The ending sentence of William’s excellent article was very thought provoking: ‘this counter-intuitive proposition at the heart of Christianity is troubling and contentious for many...’. Until relatively recently many Irish people may have been indoctrinated to accept the rational basis for the tenets of the Creeds, but to keep their doubts largely to themselves. It sometimes feels as if there is an inversion of the traditional position when speaking to younger people today.
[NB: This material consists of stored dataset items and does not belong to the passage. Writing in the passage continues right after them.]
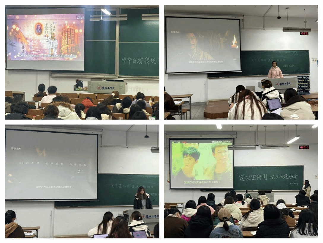 学院组织各班级召开了法治主题班会,组织全体学生收看了“宪法的精神法治的力量——2024 年度法治人物”专题节目、中华优秀传统法律文化系列短视频及宪法相关的影视作品,并参加了宪法知识竞答等活动。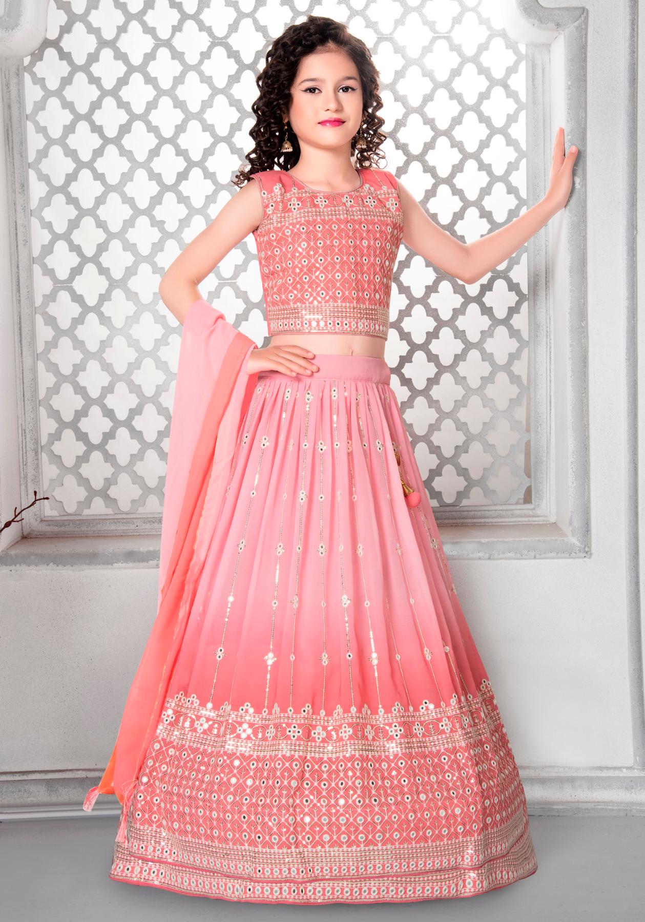 Buy Bewitching Georgette Light Salmon Kids Lehenga Choli online.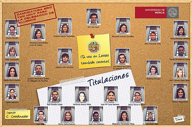 El candidato a delegado de facultad, Eric Van Hout, acaba de presentar su campaña electoral que lleva por nombre “Porque sin letras, no hay paraiso” con la que pretende concienciar a todos los alumnos de la facultad de letras de la Universidad de Murcia de la importancia que han de tener los alumnos en estas elecciones, puesto que cada voto representa una ilusión, según informó en un comunicado el candidato.
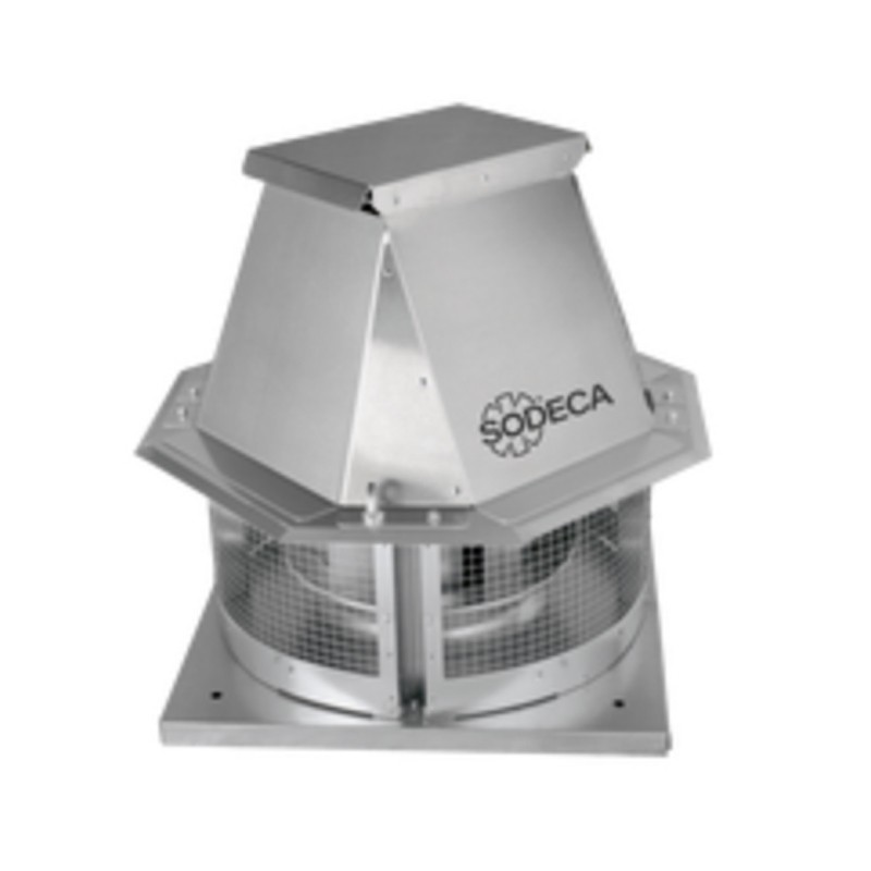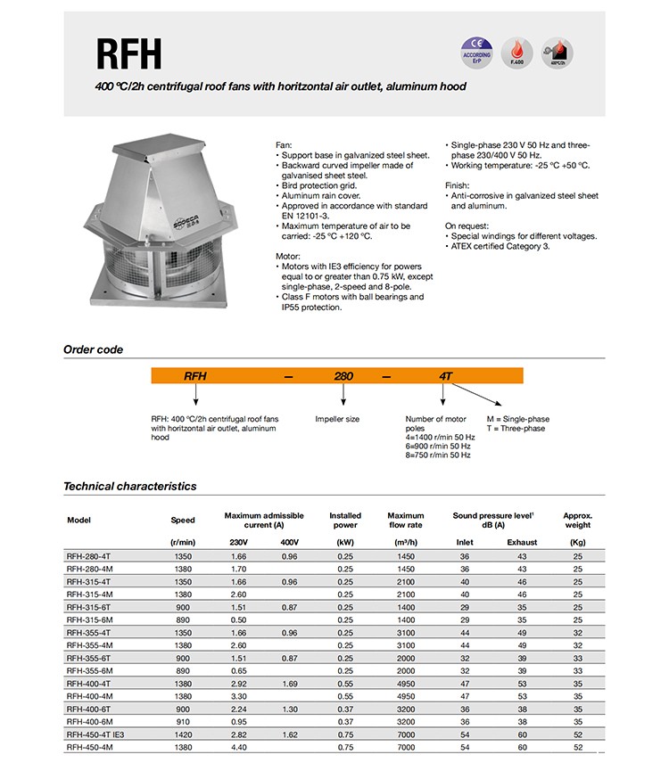400 ºC/2h centrifugal roof fans with horitzontal air outlet, aluminum hood

Do some younger people innately suspect or hope, that the survival of the odd sounding spiritual message of the Church, might possibly be explained by it being true? In contrast to earlier generations, they seem confident to express scepticism, but maybe less well grounded in the abundant positive evidences for our Lord’s birth-death-resurrection.

THOMAS HARDY


Belfast BT5

Polemical unionist viewpoint

Fionnuala O Connor (May 14) quotes Brice Dickson’s recent comment, that ‘government’ is a much more basis right than same-sex marriage or an Irish language act, and that his gay and Irish language friends resent being used as part of a wider political game.


Fionnuala’s only observation is that ‘it was an odd offering from an academic, polemic infused with personal testimony’.


To describe Dickson’s comments as ‘odd’ comes nowhere near doing it justice. As a distinguished academic lawyer Mr Dickson is a person whose views should normally deserve a considered hearing. But this is one occasion where a most cursory examination of what he says exposes both its absolute nonsense, and, arguably, a polemical unionist viewpoint on the current issue of people’s rights in the North of Ireland. How can any sensible commentator lump together all forms of ‘government’ as constituting a basic right? Given the world history of totalitarian ‘governments’ and the harm wrought by them on human rights over the centuries, such a proposition is demonstrably false and risible. The espousal of citizens’ rights is the hallmark of ‘good government’. The denial of those rights marks out ‘bad governments’. These two ‘governments’ are, plainly, not the same thing.

PATRICK FAHY


Omagh, Co Tyrone

Expenses farce needs to be halted

I find it very upsetting, even bordering on mind-boggling, that some of our British members of parliament are still lining their pockets (as published in the Sunday Express), contrary to the Independent Parliament Standards Authority.

Apparently 377 MPs (well over half  of parliament) have had their official credit cards suspended, but more worrying than that, this same Independent Standards Authority, it is claimed tried to stop this news getting out to the public domain.

A few of those politicians who are named as offenders were Jeremy Corbyn, Chris Grayling, Richard Burgon, Keith Vaz, Claire Perry and our own Ian Paisley jnr.

This article also claims this expense channel has risen since 2009 to date by 20 per cent, to a cost of now £120m.

If found correct, proceedings should take place to at least stop this farce once and for all.

HARRY STEPHENSON


Kircubbin, Co Down

Offensive name mars great idea

The greatness of the idea of an alcohol-free bar in Dublin (May 10) is marred by the blatantly offensive name given to the bar – ‘The Virgin Mary’.


It is sacrilegious and totally unnecessary.


Not only is there a ‘cultural shift’ from alcohol, as the owner says, but obviously a shift from any respect for the Catholic faith.